What is needed –
When you reach the line with "ACRYLIC ON CANVAS, TIMBER FIBRES, RAFFIA" in the records below, begin transcribing exactly and continue up to and including the line with "Green Feathers Solar", leaving out every picture.

Excerpted records –
---*---
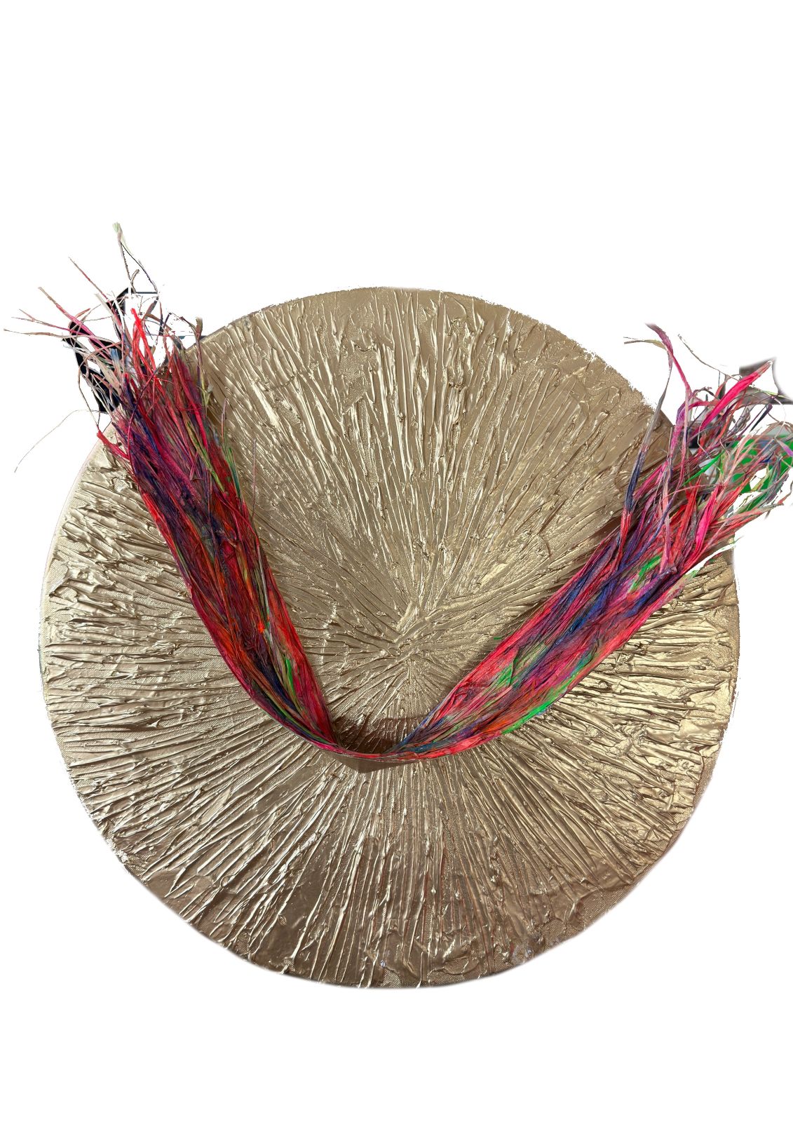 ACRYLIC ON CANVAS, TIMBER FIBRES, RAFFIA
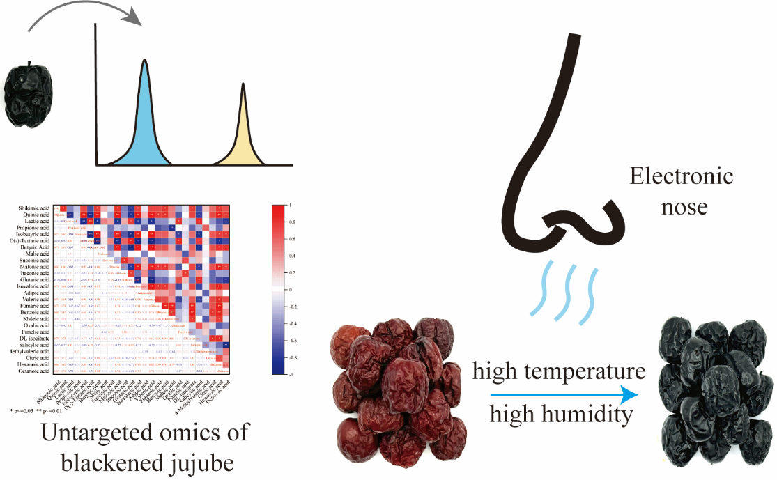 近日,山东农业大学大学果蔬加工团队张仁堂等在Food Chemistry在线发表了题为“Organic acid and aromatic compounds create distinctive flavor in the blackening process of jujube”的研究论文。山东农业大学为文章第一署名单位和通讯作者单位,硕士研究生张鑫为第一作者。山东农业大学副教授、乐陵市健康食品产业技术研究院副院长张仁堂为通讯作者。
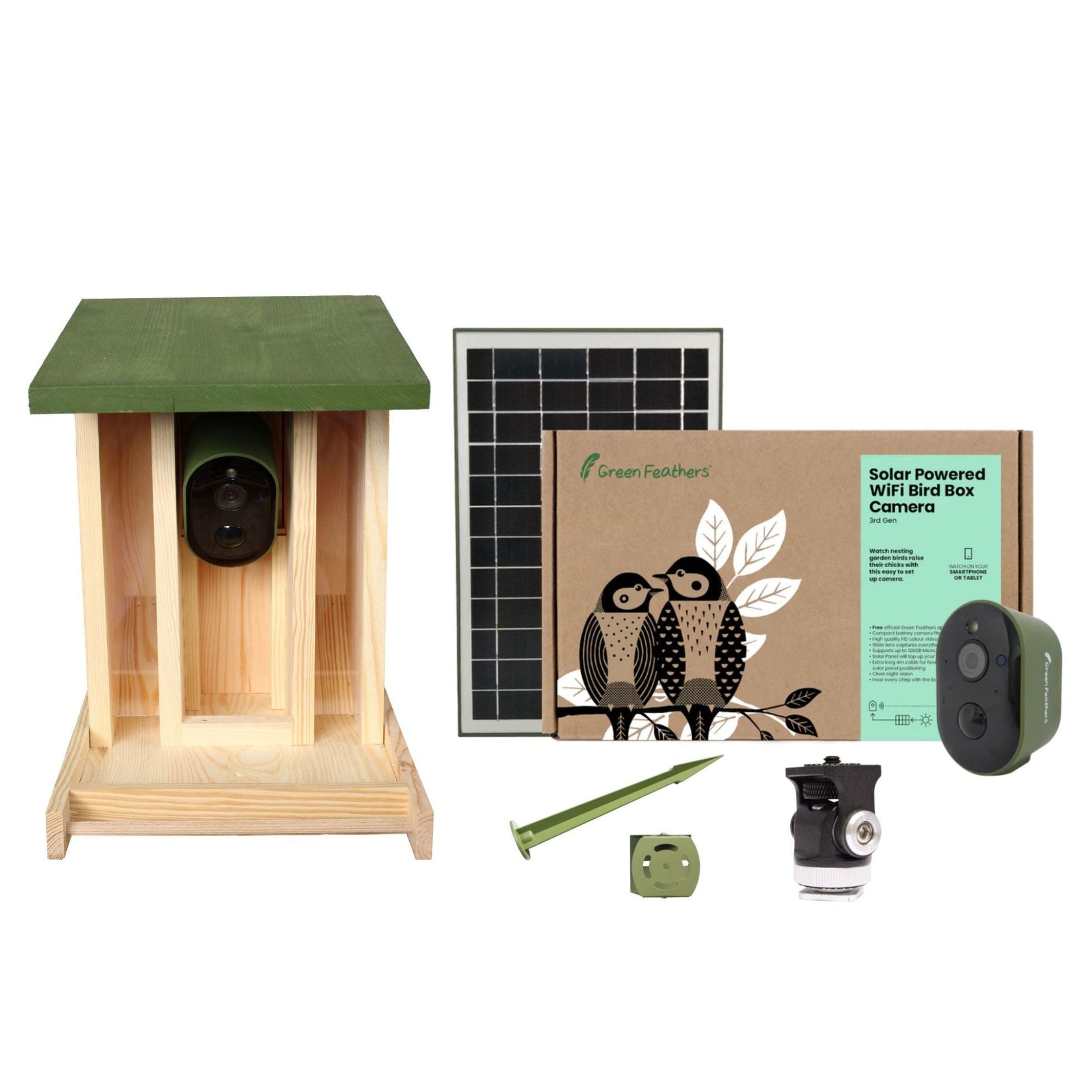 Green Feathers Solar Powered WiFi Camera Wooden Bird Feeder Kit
---*---
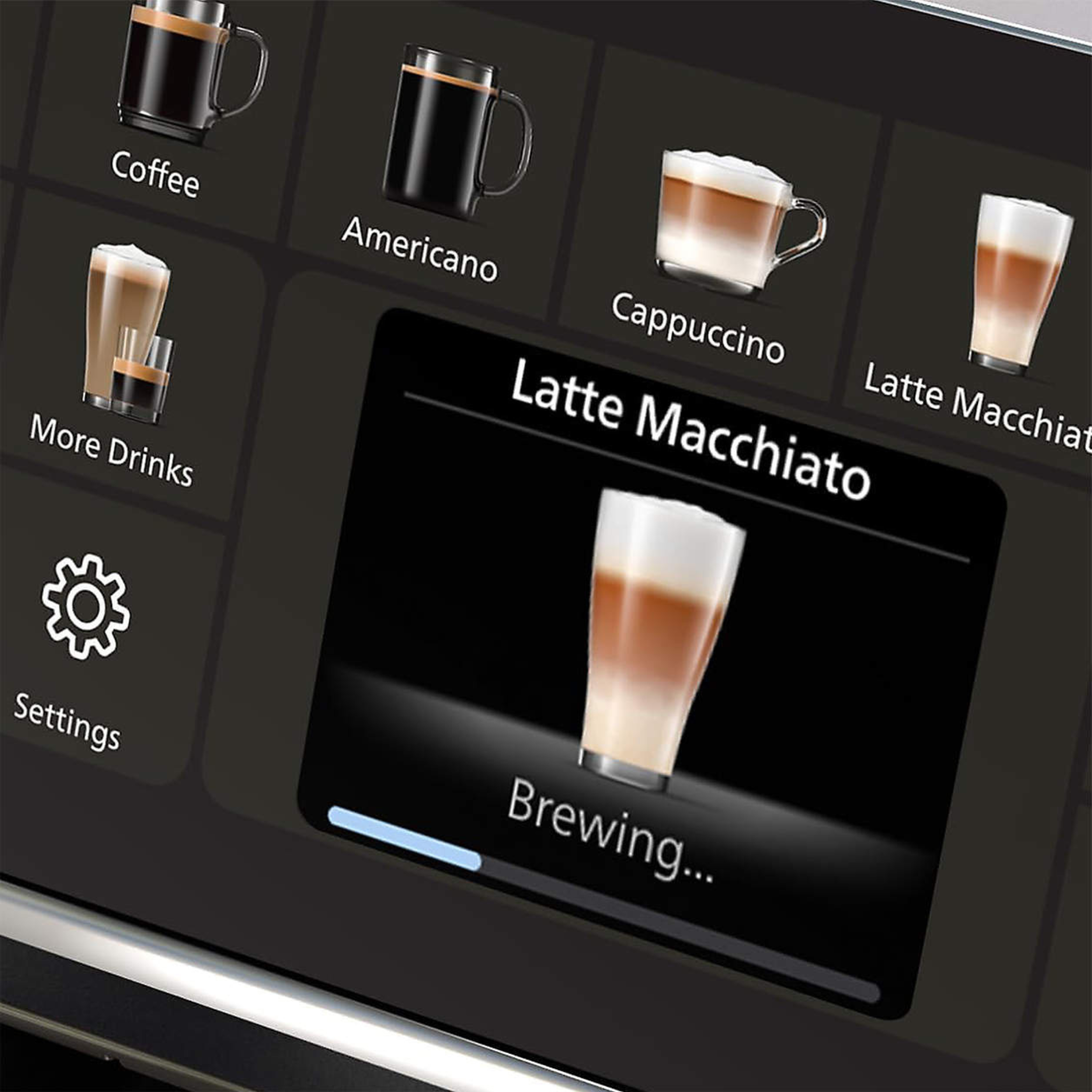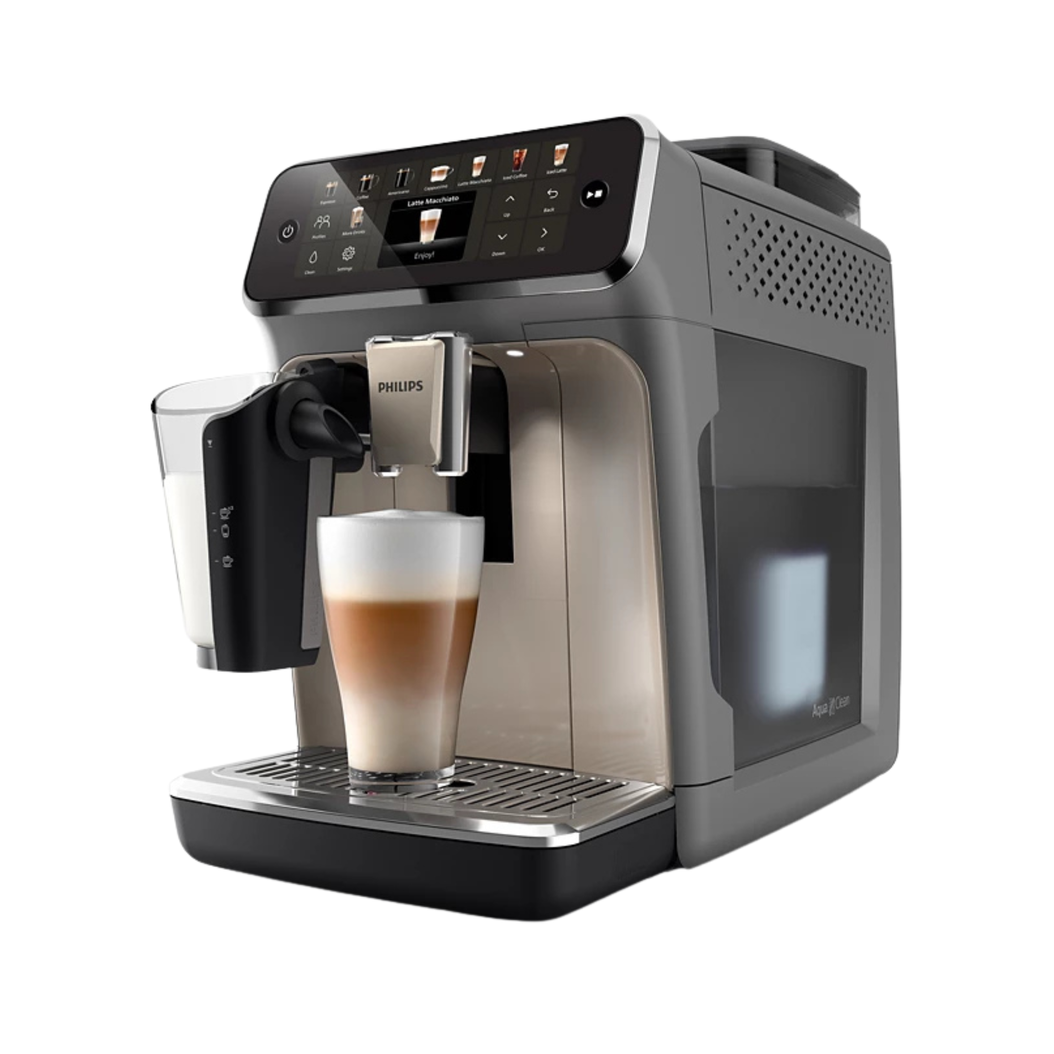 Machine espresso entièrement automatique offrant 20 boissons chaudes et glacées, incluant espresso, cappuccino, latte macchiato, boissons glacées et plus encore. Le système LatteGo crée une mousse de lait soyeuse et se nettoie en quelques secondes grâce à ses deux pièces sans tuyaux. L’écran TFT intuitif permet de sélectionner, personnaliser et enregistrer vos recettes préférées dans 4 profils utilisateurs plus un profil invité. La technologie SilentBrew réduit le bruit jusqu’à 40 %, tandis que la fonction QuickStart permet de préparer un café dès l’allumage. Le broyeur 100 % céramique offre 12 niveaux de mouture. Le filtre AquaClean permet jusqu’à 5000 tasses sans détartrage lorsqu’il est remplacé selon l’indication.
---*---
Task answer –
 ACRYLIC ON CANVAS, TIMBER FIBRES, RAFFIA
 近日,山东农业大学大学果蔬加工团队张仁堂等在Food Chemistry在线发表了题为“Organic acid and aromatic compounds create distinctive flavor in the blackening process of jujube”的研究论文。山东农业大学为文章第一署名单位和通讯作者单位,硕士研究生张鑫为第一作者。山东农业大学副教授、乐陵市健康食品产业技术研究院副院长张仁堂为通讯作者。
 Green Feathers Solar Powered WiFi Camera Wooden Bird Feeder Kit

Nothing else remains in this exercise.